Type 1 diabetes occurs when the body's immune system turns against itself so that, in a very specific and targeted way, it destroys the pancreatic islet β-cells, the only cells in the body that produce the vital hormone insulin. This autoimmune destruction is irreversible and the disease incurable. If new pancreas or islets are transplanted they too are destroyed, unless heavy immunosuppression is applied. Recent genetics and mechanistic studies in humans are indicating major pathways that play roles in early disease development, especially in the interleukin-2 (IL-2) and type 1 interferon systems, probably in concert with the immune response to preproinsulin [¹,²].

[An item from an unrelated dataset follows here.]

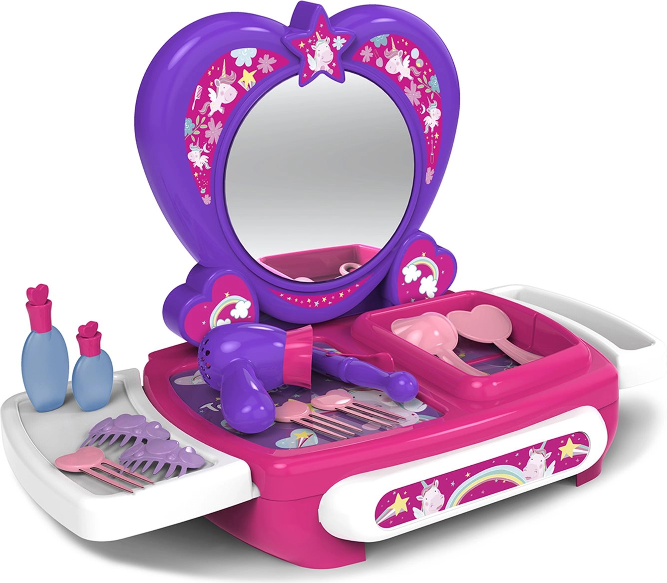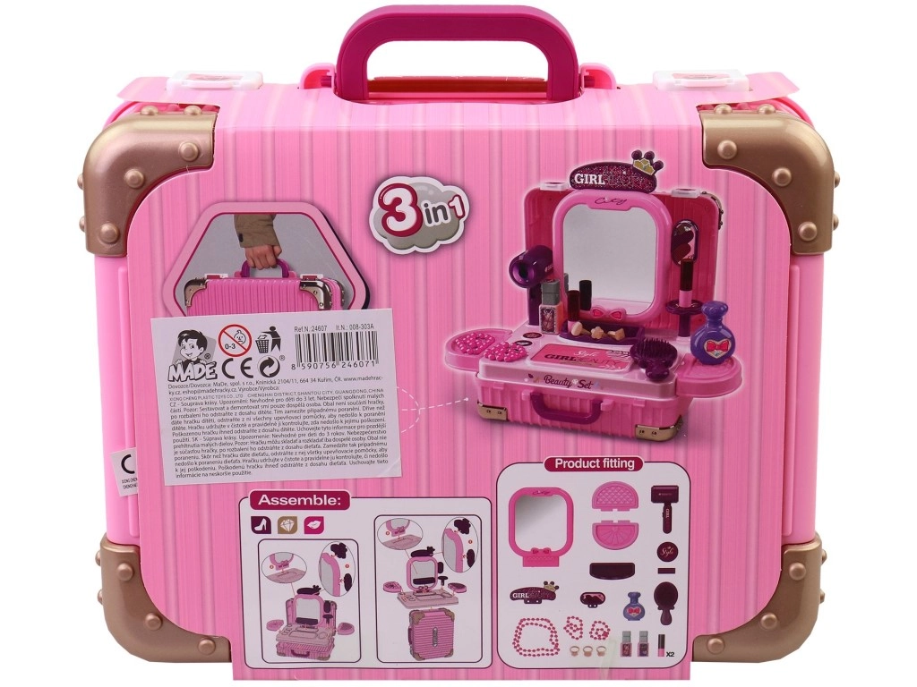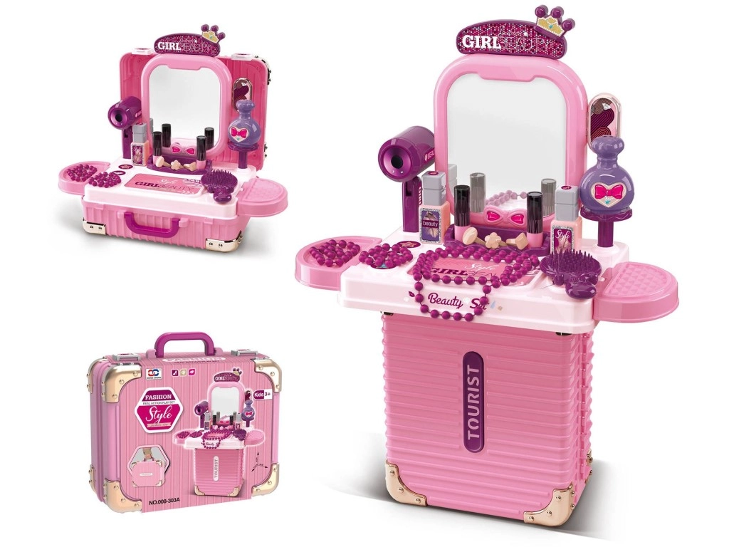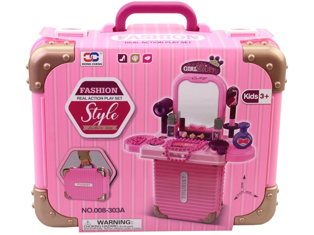 Kozmetické kufríky, toaletné stolíky a kadernícke sady obsahujú hrebene, kefy, čelenky, sponky, natáčky, detský fén, žehličku či kulmu (hračky), bezpečné zrkadielka a bohaté príslušenstvo. Detský make‑up býva netoxický, umývateľný a šetrný k pokožke; laky na nechty na vodnej báze sa ľahko zmyjú bez acetónu. Na výber sú odolné plastové aj drevené sady, kompaktné kufríky na cesty aj väčšie kozmetické stolíky na plnohodnotnú hru na povolania.

Longitudinal studies of children born with high genetic risk of Type 1 diabetes showed that circulating autoantibodies to islet antigens can be seen as early as 6 months. A large proportion of childhood cases has seroconverted by age 3 years, and almost all cases by age 7 years, even although median age-at-diagnosis is approximately 12 years [³,⁴]. Children who will go on to develop Type 1 diabetes in the future must be born with the first precursors of the disease. A child aged under age 5 years with a family history of Type 1 diabetes, carrying the highest risk human leukocyte antigen (HLA) class II genotypes and persistently positive for two or more autoantibody types, has a more than 90% chance of being diagnosed with the disease [⁵]. By making the connection between gene variant and phenotype, genetics provides a way to identify pathways leading to Type 1 diabetes, including the earliest physiological events after birth, and the earliest events in the disease process, including clues about what may be environmental factors or accelerators of disease [⁴,⁶].

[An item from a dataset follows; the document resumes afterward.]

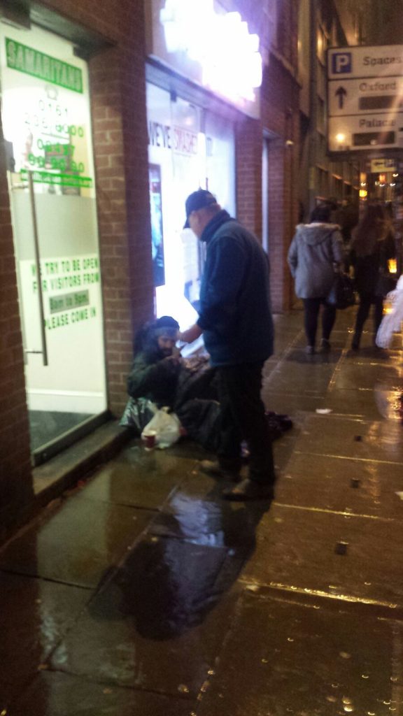 Dropping off crisis bags around the streets of Manchester tonight

National diabetes registries, especially those with available biosamples, provide Europe with important population-based research resources, for studying disease epidemiology, or for testing hypotheses about disease initiation and progression. Registry data where available provide evidence that the incidence of Type 1 diabetes in children under age 15 years has increased. However, there is a shortage of data on Type 1 diabetes over age 15, although at least half of new cases occur after age 15. Data from registries should be accessible to all bona fide researchers, provided that necessary confidentiality protections are in place. Common standards regarding data fields would add value and also aid data access.

The appearance of autoantibodies, the first of which chronologically are usually against insulin itself, is a secondary or downstream event in the autoimmune process. Identification and validation of biomarkers that precede autoantibody appearance are urgently required. Incentives to provide access to these collections should be implemented [⁷]. Useful information to provide possible investigators with includes limitations of the informed consent, types and amounts of material available and storage conditions. Efforts should be made to extend collections of samples of at-risk individuals and persons with newly diagnosed diabetes. Funding opportunities should be implemented to encourage investigators to develop assays that could be used retrospectively, to employ new technologies and to use smaller assay volumes for studying markers.

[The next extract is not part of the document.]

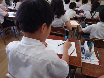 分度器の当て方と目盛りの読み方を習って、実際に測ってみました。
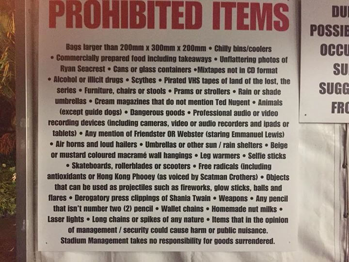 Como notaron varios fans durante el reciente paso de la banda de Dave Grohl por Auckland, Nueva Zelanda, Foo Fighters tiene una curiosa y bastante extensa lista de «objetos prohibidos» en sus conciertos.

Despite the limited success of previous prevention trials, they have provided valuable lessons, combined with correctly interpreted data from the animal models. Predictions of the natural history of disease based on combined genetic (HLA) and serological markers (autoantibodies) are accurate. C-peptide is a surrogate marker for loss of β-cell function and progression to diabetes; and the oral glucose tolerance test is a sensitive screening tool for detecting individuals with diabetes before fasting blood sugar or HbA_1c levels become abnormal. Screening for risk of diabetes can avoid suffering in children, as diabetic ketoacidosis prevalence was 4% in children enrolled in prevention trials compared with 15–20% in new-onset children in the general population [⁸]. Interventions at later stages of disease, such as in newly diagnosed Type 1 diabetes, have used mainly non-antigen-specific drugs, with the promising studies having used doses at the edge of safety. Successfully preventing the onset of autoimmunity—true primary prevention— must include antigen-specific tolerance approaches [²]. It is important to begin now to accurately establish doses, timing and best route of administration, whilst analysing mechanistic effects.